* Given data *

▬▬▬▬▬▬

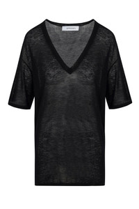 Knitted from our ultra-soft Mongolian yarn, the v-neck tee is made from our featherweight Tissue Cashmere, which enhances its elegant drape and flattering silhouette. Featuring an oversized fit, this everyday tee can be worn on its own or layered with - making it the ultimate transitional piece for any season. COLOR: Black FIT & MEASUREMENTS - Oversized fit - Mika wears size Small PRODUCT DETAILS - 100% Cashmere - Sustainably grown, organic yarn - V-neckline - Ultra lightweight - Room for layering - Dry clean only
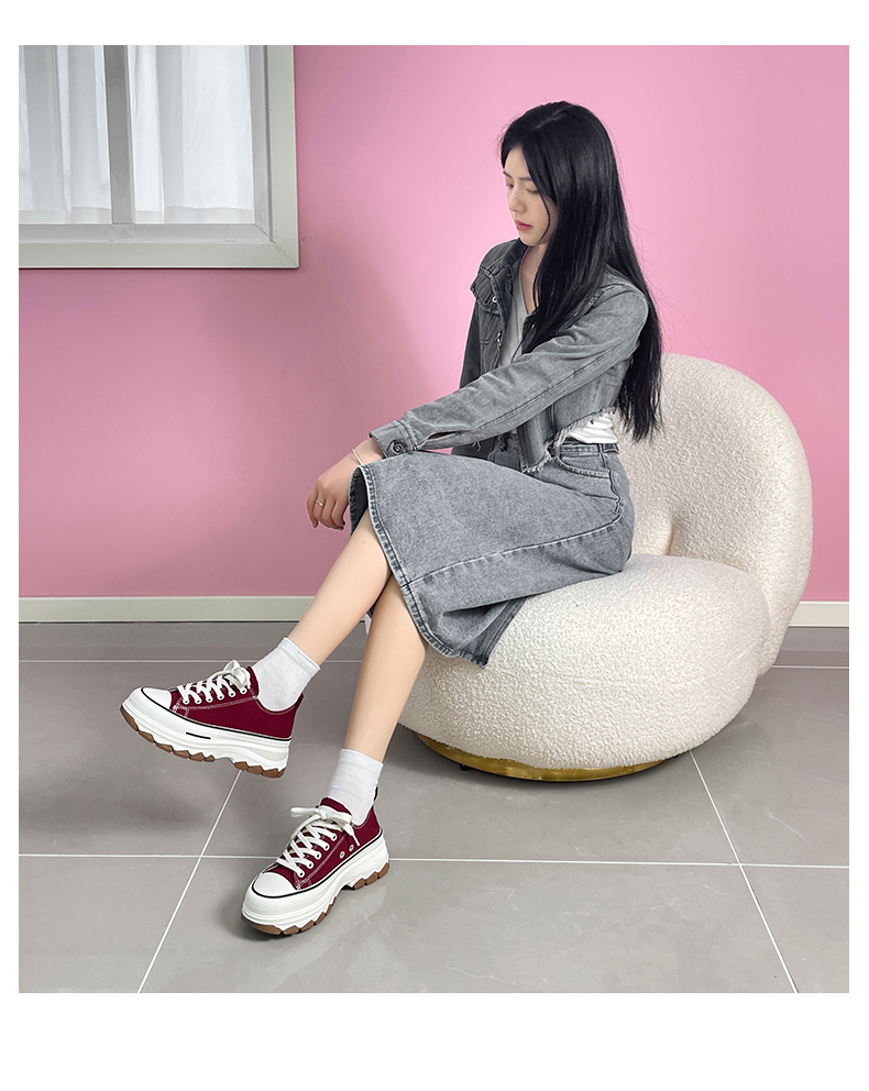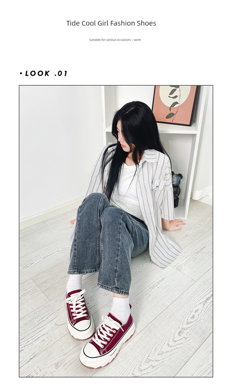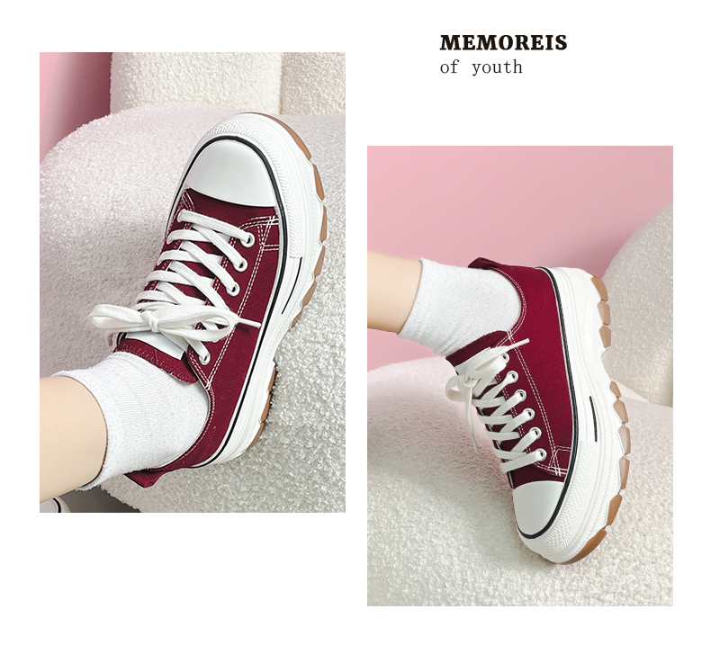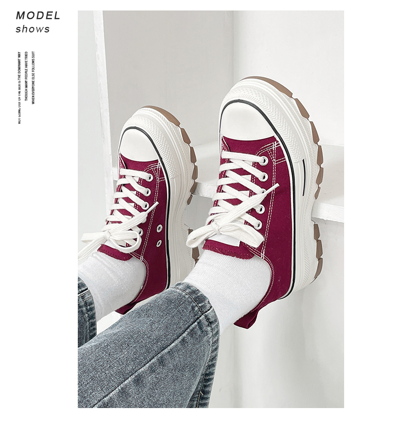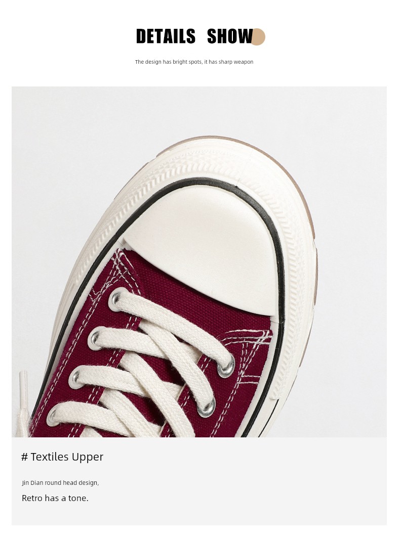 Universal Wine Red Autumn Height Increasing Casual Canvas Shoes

▬▬▬▬▬▬

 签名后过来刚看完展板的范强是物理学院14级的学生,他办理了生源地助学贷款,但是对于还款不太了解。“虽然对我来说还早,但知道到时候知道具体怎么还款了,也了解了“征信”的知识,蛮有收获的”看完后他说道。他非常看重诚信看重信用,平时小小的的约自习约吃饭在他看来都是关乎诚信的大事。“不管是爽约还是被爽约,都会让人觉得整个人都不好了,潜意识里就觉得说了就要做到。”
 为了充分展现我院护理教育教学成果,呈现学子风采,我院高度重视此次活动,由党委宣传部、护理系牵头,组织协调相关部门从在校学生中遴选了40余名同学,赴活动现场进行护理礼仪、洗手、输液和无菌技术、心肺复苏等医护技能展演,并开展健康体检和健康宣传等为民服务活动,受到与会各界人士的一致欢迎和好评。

▬▬▬▬▬▬

* What needs to be done *
Taking the listing above as the source, transcribe only the lines starting at the line with "签名后过来刚看完展板的范强是" and going through the line with "为了充分展现我院护理教育教学", unaltered and with both ends included.

* Output for this task *
 签名后过来刚看完展板的范强是物理学院14级的学生,他办理了生源地助学贷款,但是对于还款不太了解。“虽然对我来说还早,但知道到时候知道具体怎么还款了,也了解了“征信”的知识,蛮有收获的”看完后他说道。他非常看重诚信看重信用,平时小小的的约自习约吃饭在他看来都是关乎诚信的大事。“不管是爽约还是被爽约,都会让人觉得整个人都不好了,潜意识里就觉得说了就要做到。”
 为了充分展现我院护理教育教学成果,呈现学子风采,我院高度重视此次活动,由党委宣传部、护理系牵头,组织协调相关部门从在校学生中遴选了40余名同学,赴活动现场进行护理礼仪、洗手、输液和无菌技术、心肺复苏等医护技能展演,并开展健康体检和健康宣传等为民服务活动,受到与会各界人士的一致欢迎和好评。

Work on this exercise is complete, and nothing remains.